[SERVER-73597] Sporadic seg faults days/weeks after mongod server running Created: 03/Feb/23 Updated: 27/Feb/23 Resolved: 27/Feb/23 |
|
| Status: | Closed |
| Project: | Core Server |
| Component/s: | None |
| Affects Version/s: | 5.0.14 |
| Fix Version/s: | None |
| Type: | Bug | Priority: | Major - P3 |
| Reporter: | Amit Gupta | Assignee: | Yuan Fang |
| Resolution: | Done | Votes: | 0 |
| Labels: | bug, crash | ||
| Remaining Estimate: | Not Specified | ||
| Time Spent: | Not Specified | ||
| Original Estimate: | Not Specified | ||
| Issue Links: |
|
||||||||
| Assigned Teams: |
Server Triage
|
||||||||
| Operating System: | ALL | ||||||||
| Steps To Reproduce: | unable to reproduce. it happens somewhat randomly (it seems like the servers are pretty busy when it happens though) |
||||||||
| Participants: | |||||||||
| Description |
|
Environment:
Hi, we have experienced random crashes on 2 different servers.
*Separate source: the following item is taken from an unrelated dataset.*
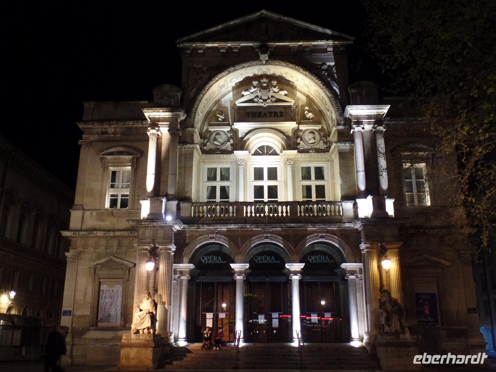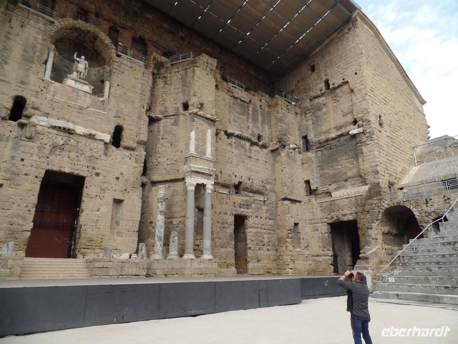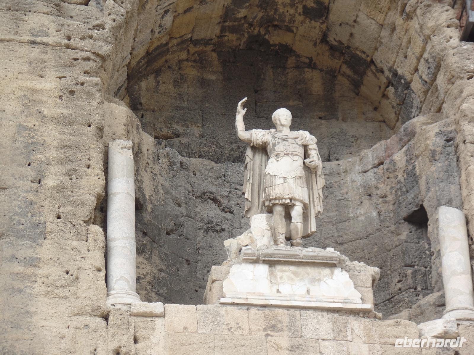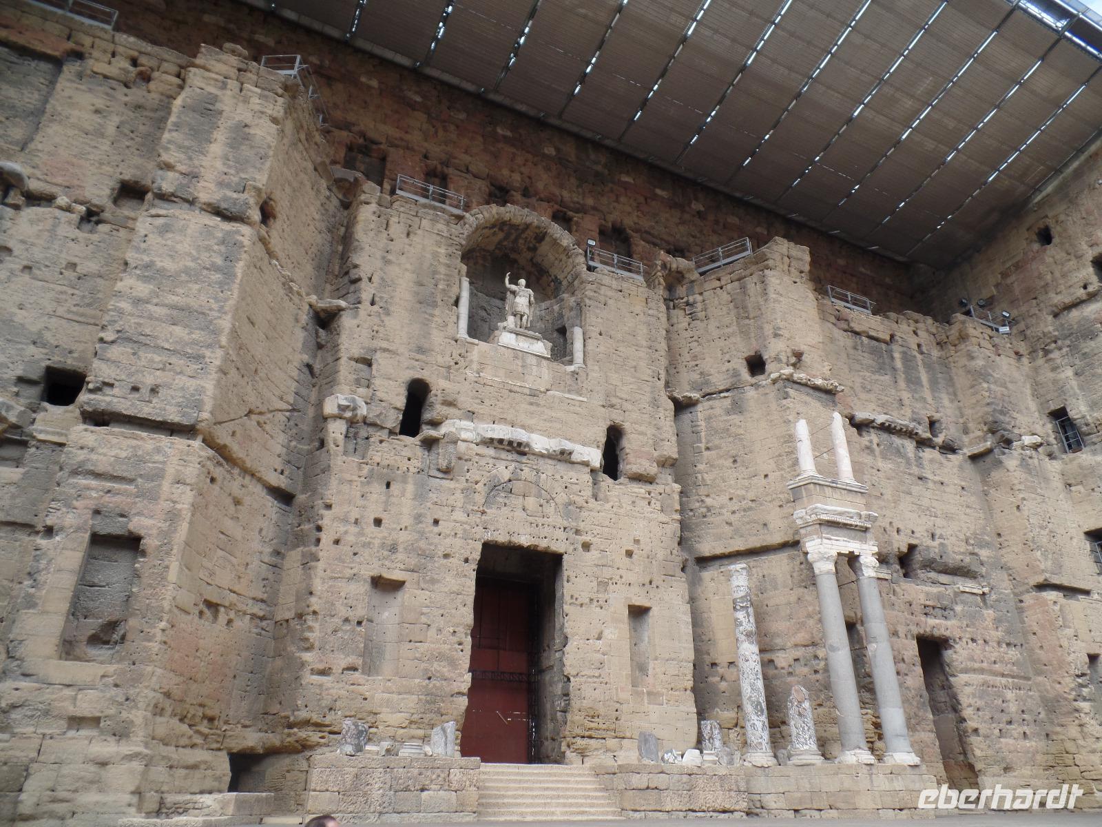 Gegen Nachmittag erreichten wir den Weinort Chateauneuf-du-Pape. Dieser Stopp diente nur zur Ausflugsabwicklung. Einige Gäste gingen mit mir von Bord um die Stadt Orange zu entdecken. Das Schiff vor weiter nach Avignon. In Chateauneuf-du-Pape fuhren wir durch den kleinen Weinort hinauf zum ehemaligen Sommerresidenz der Päpste. Leider sind nur noch einige Mauerreste erhalten. Doch von dort hatten wir einen schönen Blick in das Rhonetal, den Mont Ventoux, mit 1912 m der höchsten Berg der Provence und die Weinberge. Der Ort ist besonders durch den Weinanbau bekannt und berühmt. Allein 350 Winzer sind vor Ort. Vor allem Rotweine ca. 80% werden angebaut und in der ganzen Welt vermarktet. Nun fuhren wir weiter nach Orange. Besonders bekannt ist der Ort durch die zwei römischen Bauwerke, dem Triumphbogen das antike Amphitheater. Das Theater gehört zu den besterhaltenen in Europa. Jedes Jahr im Sommer finden Veranstaltungen statt und erfreuen ca. 9000 Besucher. Es ist schon beeindruckend wenn man mitten drin steht und auf die Bühne schaut. Beide Bauwerke gehören zum UNESCO Weltkulturerbe. Nach einem kurzen Stadtbummel fuhren wir weiter nach Avignon. Die AROSA legte gerade an und ein tolles Buffet erwartete uns. Da wir über Nacht in Avignon blieben nutzten wir die Gelegenheit für einen abendlichen Ausflug durch das beleuchtete Avignon. Wir waren alle begeistert.

Below is the stack trace from mongod.log. I have the crash files from /var/crash (they are about 16GB each. I can put them on a private SFTP server for analysis).
Each server is a member of a 3-node replica set (and part of a sharded cluster). I was wondering if anyone has any clues on what is causing the seg fault. Each server has 128GB RAM with 16 threads (Intel Xeon E2288G CPU @ 3.70Ghz). At the time of crash, they seem to be pretty busy.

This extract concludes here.